Sunflowers and Roses: Chapter 1
I hadn’t washed off last night’s makeup yet and my clothes were in need of a washing machine but the paper in my canvas bag couldn’t wait for me to make myself into a human being, rather it demanded delivery at an extreme urgency. It was a Tuesday morning with three hours until the deadline and a single blustery storm took my normally bitter mood and churn it into a congealed buttermilk of a personality.
The air was thick, as Aprils tend to be in this part of the country. Humidity was ruining everyone’s hair and the stillness of everything was a preamble to the mess of Biblical portions to go. Me? I didn’t notice. I couldn’t, there was too much to do. Three months of work on the lasting impact of Artemisia Gentileschi was the only thing stopping me from my internship with the Museum of Modern Art, but any nerves I might have felt were deadened by a night without sleep and an all-around feeling of acceptance. My mind was so far afield I didn’t even notice the first drop of rain on my head. I did notice the second. After that, the third through fiftieth drops of rain all kind of blurred together.

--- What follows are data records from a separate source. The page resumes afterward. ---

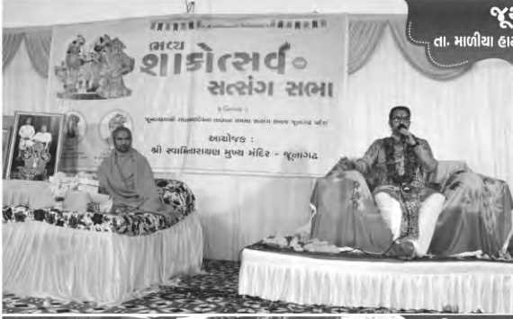
જૂથળ તા. માળીયા હાટીના, જી. જૂનાગઢ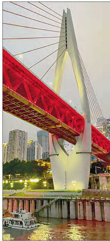
▲ Dos muestras de la impresionante arquitectura vertical de Chongqing.

pasar de una calle envuelta entre rascacielos a otras donde abundan interminables escaleras adoquinadas a las que se debe hacer frente para descubrir algún restaurante bajo un vetusto túnel; caminar por laberintos empedrados y entre las viejas construcciones del antiguo barrio de Xiahao, otro de los puntos que por las noches se viste con luces marrones y atrae a los curiosos visitantes; o testificar cómo el convoy entero del Metro traspasa un edificio habitacional.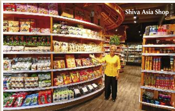
Shiva Asia Shop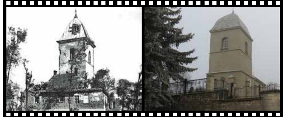
БУЛО: На фото 1944 року церква після ушкоджень від бомбардувань міста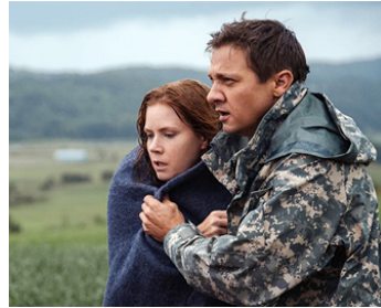
2016 PREMIER CONTACT (Arrival) de Denis Villeneuve avec Jeremy Renner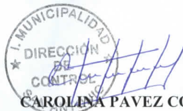
CAROLINA PAVEZ CORNEJO DIRECTORA DE CONTROL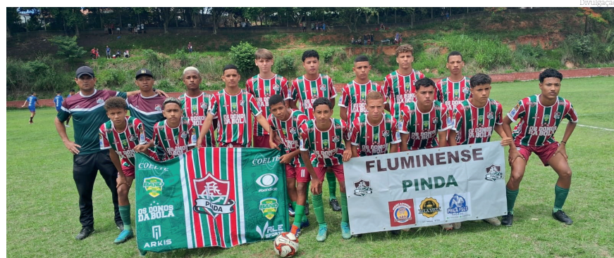
Fluminense Vice Campeã serie Ouro sub 15

nicraque e Lorena/FADENP fizeram uma brilhante partida estudada e com muita marcação, no final do tempo normal um empate em 1x1, na disputa por pênaltis 4x2 para Lorena.

Only one thing bounced around my mind as I ran straight for the nearest cover I could see (some stupid awning over a service entrance): don’t get the paper wet. Almost falling into the cover, I shook my barely damp hair out of my eyes and wiped my hands on the driest part of my jeans before opening my bag to reveal a still pristine twelve pages of carefully honed down research and two pages of sources. My sigh of relief could have rattled the branches of nearby trees if the rain wasn’t doing that by itself. However, my pleasure was cut short by a sudden cry from somewhere too close for comfort.
“Gangway!” I looked up just in time, to snag my bag to my chest as some random man ricocheted off a low-stone wall and into my cover. He unslung his own bag and pulled out a few pages of handwritten designs for some grid that he promptly shoved back in before even wiping water out of his eyes. Those papers would be smudged later (unlike mine) but they were safe. He finally deigned to look at me and I felt my breath catch in the back of my throat. “Sorry to crash your party, I was working on these lighting designs for like three hours and the deadline for submissions for fall shows is coming up and I just needed it to, like, not die before I could at least get a picture of it on my phone.”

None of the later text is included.